With one wrong move or misinformed story, a brand's reputation can be shredded in seconds.
Although it is possible for brands to bounce back from social media backlash, the speed of response, or the person delivering the message, can have a huge impact on consumer opinion of the brand.
UK-based social media safety company Crisp Thinking recently released its 2019 Crisis Impact Report. In May 2019, it surveyed 2,000 consumers in the UK and US. It wanted to examine the impact of errors and the role social media plays in an effective crisis response.
But what constitutes a crisis? Crises mean different things to different people. Misconduct ranks high in consumers considering if a company crisis is happening, with almost three in five (59%) saying that ethical misconduct, or CEO misconduct, constitutes a crisis.
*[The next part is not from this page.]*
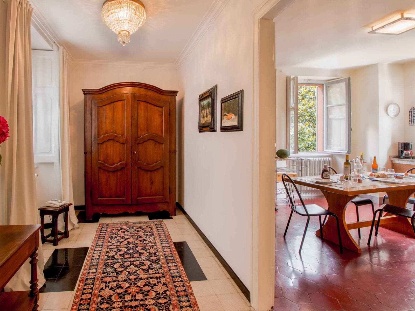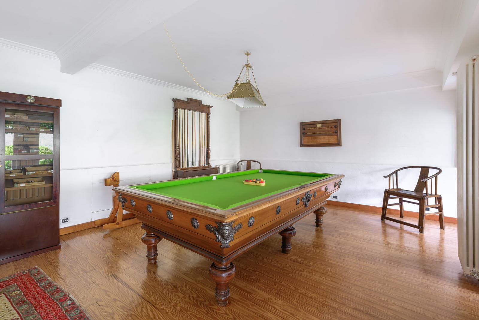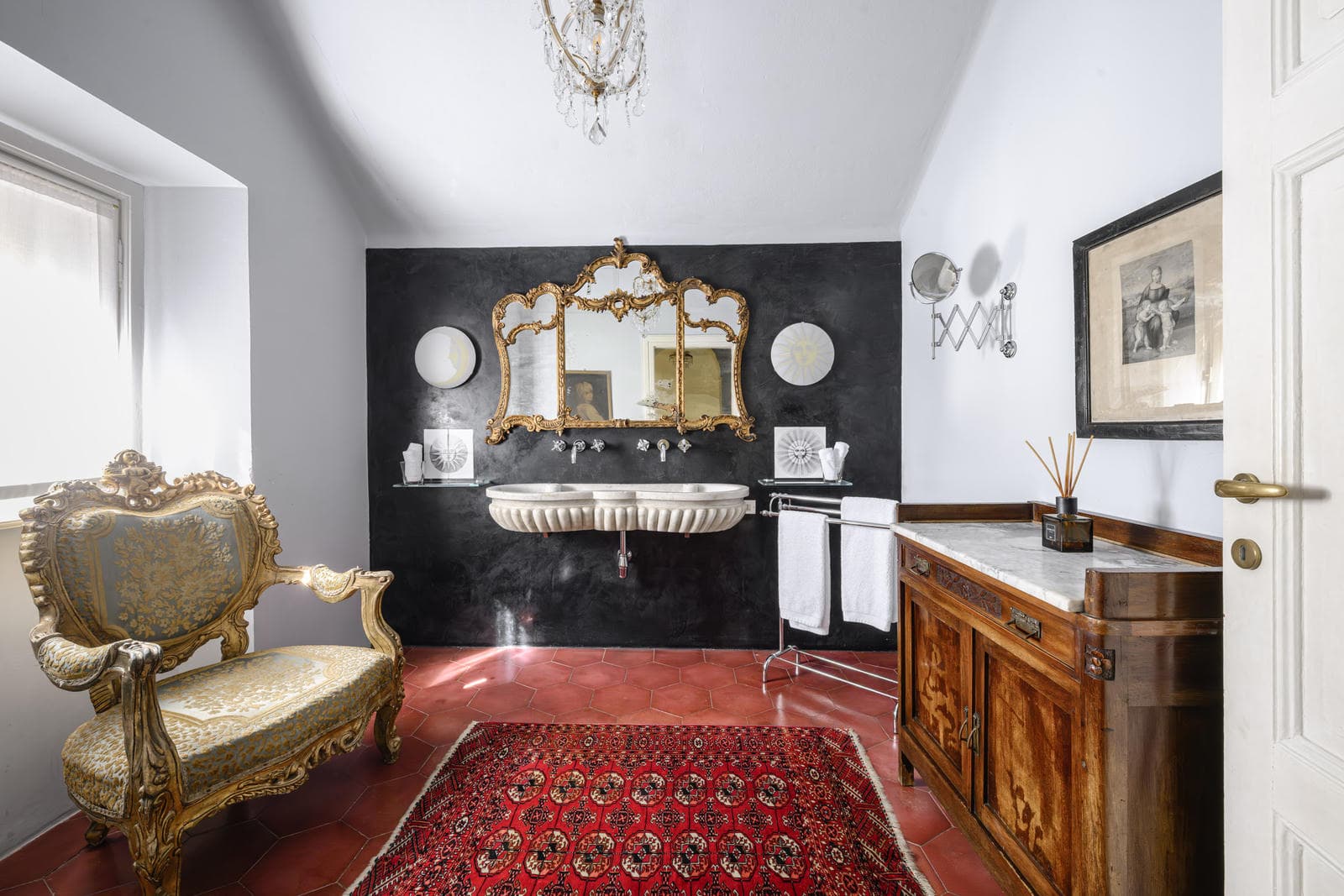 The villa’s interior spans 400 square meters across three floors, in a seamless blend of timeless elegance and contemporary convenience, featuring a curated collection of homeware and furniture from renowned designers, architects and artists such as Fornasetti, Gae Aulenti and Roberto Minotti. The garden is accessible via a stairway, equipped with chairs and sunbeds shadowed by a century-old Lebanon Cedar tree and an Olea fragrans that scents the air with its fragrant white flowers. At the heart of the garden lies a fishpond adorned with a waterfall and a bronze statue depicting a Faun, inviting guests to immerse themselves in the splendour of their surroundings.

In 2018, a logistical error resulting in a shortage of chickens forced KFC to close hundreds of UK outlets. In response to the crisis, the fast-food chain ran a bold advertisement: An empty chicken bucket with the classic logo reassembled as "FCK," followed by an apology for the shortage underneath.
Surprisingly after perhaps the biggest fried chicken crisis in history, the brand's strategy took responsibility and responded quickly to win back the hearts of consumers.
The Crisis Impact Report report showed that over half (53%) of consumers expect a brand's response within an hour of a crisis, and one in three (34%) expect a response within 30 minutes.
Almost three in five (59%) of consumers want the brand responses to come from the CEO. They expect the public acknowledgment to come from the top. Almost half (47%) say that social media is the preferred channel for receiving a response from a brand and for sharing news about a crisis.
Consumers' expectations for an immediate response means brands must receive alerts of a crisis as soon as it happens. They want a proper response too.
An intelligent response is the difference between consumer loyalty and losing revenue.
Nine out of ten (90%) consumers say they are likely to shop with a brand that responds well to crises, while 66% are unlikely to continue shopping with a brand that responds poorly. That means two-thirds of brand revenue is on the line.
Over a quarter (28%) say failure to accept responsibility is the biggest mistake a brand can make following a crisis. Consumers want brands to accept responsibility and offer solutions.
On social media, negative opinions spread like wildfire. Over a third (37%) of consumers are likely to unfollow a brand on social media after it handles a crisis poorly, and 25% are likely to post something critical of the brand.
Brands should ensure that they have a good crisis monitoring system in place so that they can deliver the message in a timely way. A good crisis plan could make all the difference to the brand surviving or failing in the full gaze of the media.